Different models have different context window sizes.

• When the context window fills up, we need to summarizes older parts of the conversation to make room.
• Important details from early in a long conversation might be compressed or lost.

We can also type /compact in the chat input to manually trigger compaction at any time. Optionally, add custom instructions after the command to guide the summary, for example /compactfocus on the API design decisions.

Some language models can perform extended reasoning, also called "thinking", before producing a response.

Instead of generating an answer immediately, a reasoning model first works through the problem internally, considering multiple approaches, evaluating trade-offs, and building a step-by-step chain of thought. This internal reasoning happens in dedicated thinking tokens that are separate from the final output.

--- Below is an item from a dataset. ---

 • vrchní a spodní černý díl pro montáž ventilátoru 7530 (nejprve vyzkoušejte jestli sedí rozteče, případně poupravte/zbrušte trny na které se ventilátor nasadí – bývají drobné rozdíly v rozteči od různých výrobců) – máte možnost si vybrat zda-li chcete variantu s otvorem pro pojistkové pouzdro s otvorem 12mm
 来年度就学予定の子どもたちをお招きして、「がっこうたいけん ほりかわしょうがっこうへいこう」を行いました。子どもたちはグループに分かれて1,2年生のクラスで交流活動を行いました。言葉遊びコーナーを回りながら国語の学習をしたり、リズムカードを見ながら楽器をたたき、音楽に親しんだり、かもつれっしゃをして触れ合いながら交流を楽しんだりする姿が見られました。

Reasoning models are especially effective for complex tasks like multi-step debugging, architectural planning, code refactoring, and mathematical or scientific analysis.

For simpler tasks like generating boilerplate or answering basic questions, the extra reasoning adds latency without significant benefit.

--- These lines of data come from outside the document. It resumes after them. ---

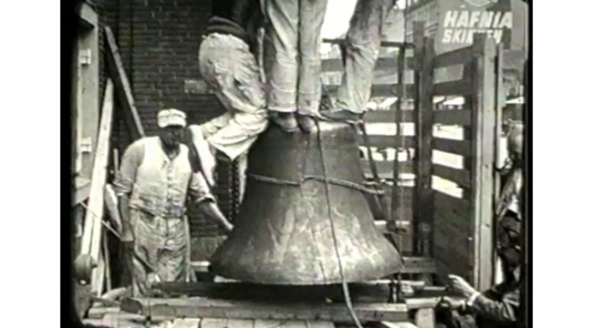 Til et rådhustårn hører et klokkespil. Rådhustårnet på Frederiksberg Rådhus er 70 meter højt fra terræn til toppen af radiomasten. Klokkespillet blev finansieret af en borgergave fra Frederiksbergs borgere til rådhuset ved rådhusets indvielse. Klokkenisten på filmen er Staff Ness. De første år var det ret fysisk krævende at være klokkenist. Med fødder og hænder måtte kokkenisten slå og trampe på spillebordets pedaler og tangenter. Senere er klokkespillet blevet elektrisk. Klippet er desværre uden lyd.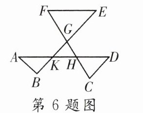 6. 如图,∠A + ∠B + ∠C + ∠D + ∠E + ∠F的度数为________。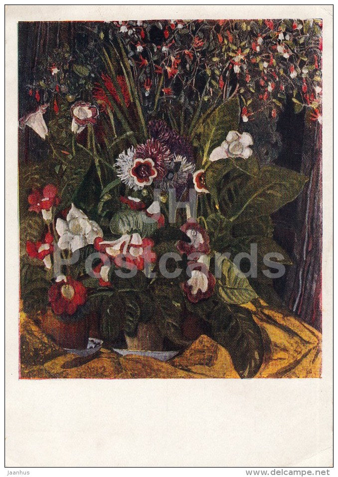 painting by A. Golovin - Still Life . Flowers - Russian Art - 1959 - Russia USSR - used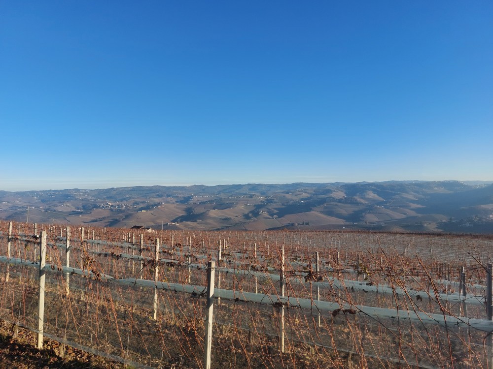 Ajoimme mutkaista tietä ravintolaan, joka sijaitsi Morrassa, Barolon alueen korkeimmalla kukkulalla. Sumu oli muuttunut kirkkaaksi auringonpaisteeksi, ja ihastelimme pikkutarkasti viljeltyjä viiniköynnöskukkuloita lumisten Alppien häämöttäessä taustalla. Koska oli talvi, viiniköynnökset esiintyivät maisemassa paljaan alastomina ja jokseenkin rujoina, mutta tästä huolimatta niissä aisti virtaavan elinvoiman ja ne tuntuivat kuiskivan, että ”me vain lepäämme hetken, jotta jaksamme taas kesällä synnyttää erinomaisia viinejä.”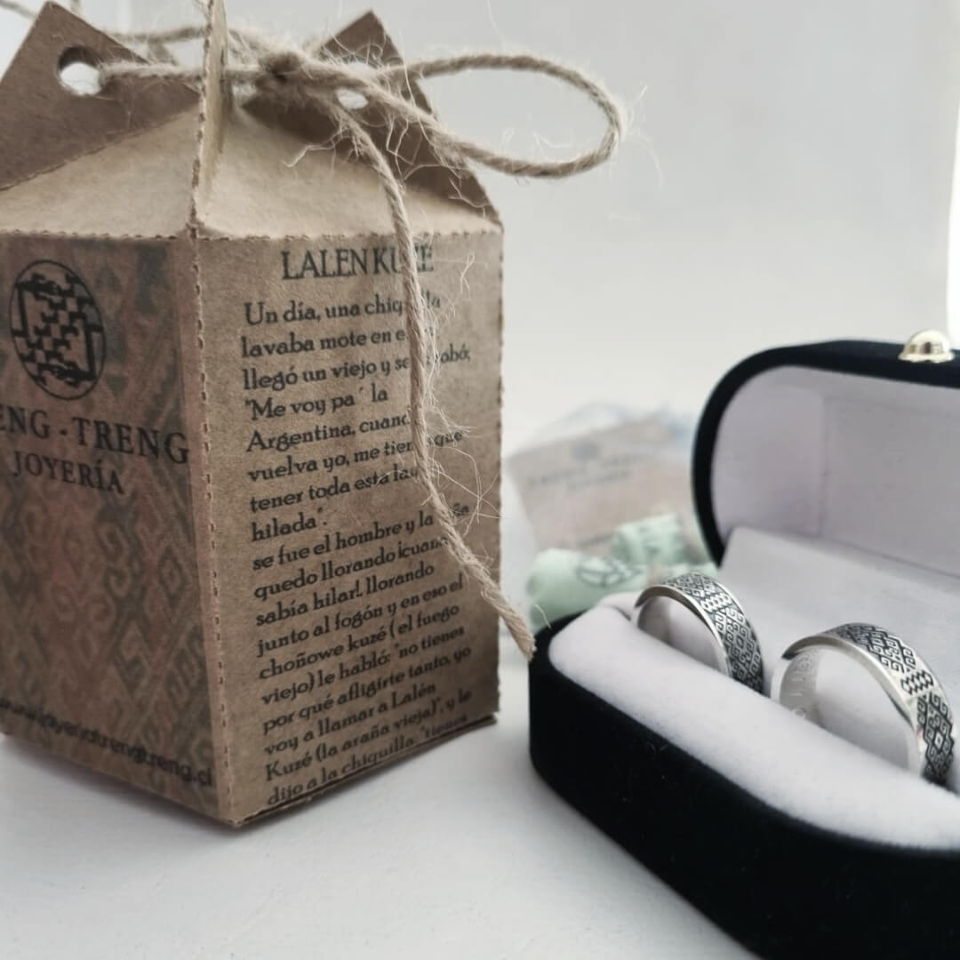 Este anillo es mucho más que joyería; es un homenaje a Lalen Kuze (la Araña Vieja), la gran maestra tejedora de la cosmovisión mapuche. Según la tradición, ella es quien transmite el conocimiento del telar y la paciencia necesaria para entrelazar las historias en el tejido.

Thinking effort controls how much reasoning a model applies to each request.

• Higher effort levels produce more thorough internal reasoning, which improves quality for complex problems.
• Lower effort levels reduce latency and token usage by limiting or skipping the thinking step.

The available effort levels and their default values vary by model and provider. Some models also support adaptive thinking, where the model dynamically decides whether and how much to reason based on the complexity of each request, rather than always using a fixed thinking budget.

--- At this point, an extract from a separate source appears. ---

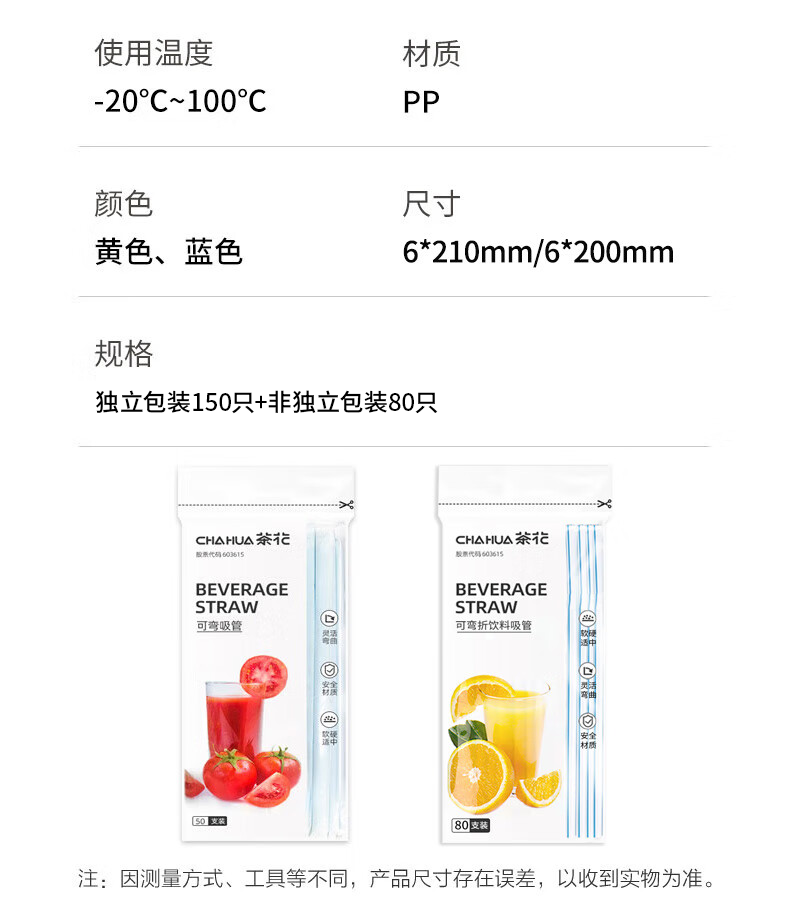 商品名称: 茶花 一次性吸管非独立包装80支*1包+独立包装50支*3包 3602+G11001*3 一次性吸管4包230支/包

VS Code sets default effort levels based on evaluations and online performance data, and has adaptive reasoning enabled where supported. For most use cases, the defaults work well without changes.

Thinking tokens count toward the model's context window, even though they are not visible in the response. The actual thinking output is typically returned in summarized form or can be omitted entirely for lower latency.

• Higher thinking effort levels can produce more thinking tokens, which can increase latency.

Each model has different strengths. Some are optimized for speed and work well for quick edits and simple questions. Others have larger context windows or better reasoning capabilities, making them ideal for complex tasks.

• Fast models are best for quick code edits, boilerplate generation, and straightforward questions.
• Reasoning models excel at complex refactoring, architectural decisions, multi-step debugging, and tasks that require analyzing trade-offs.
• Large context models work well for large codebases or long conversations where retaining more information matters

Auto model selection combines two systems to route each request to the optimal model.

• One system tracks real-time model health and availability.
• The other evaluates task complexity.

They match each task to the model that can solve it most efficiently, reserving higher-cost reasoning models for problems that need them and routing simpler tasks to faster models.

Other factors also affect credit consumption, such as thinking effort (higher effort produces more thinking tokens), context window size, and tool usage.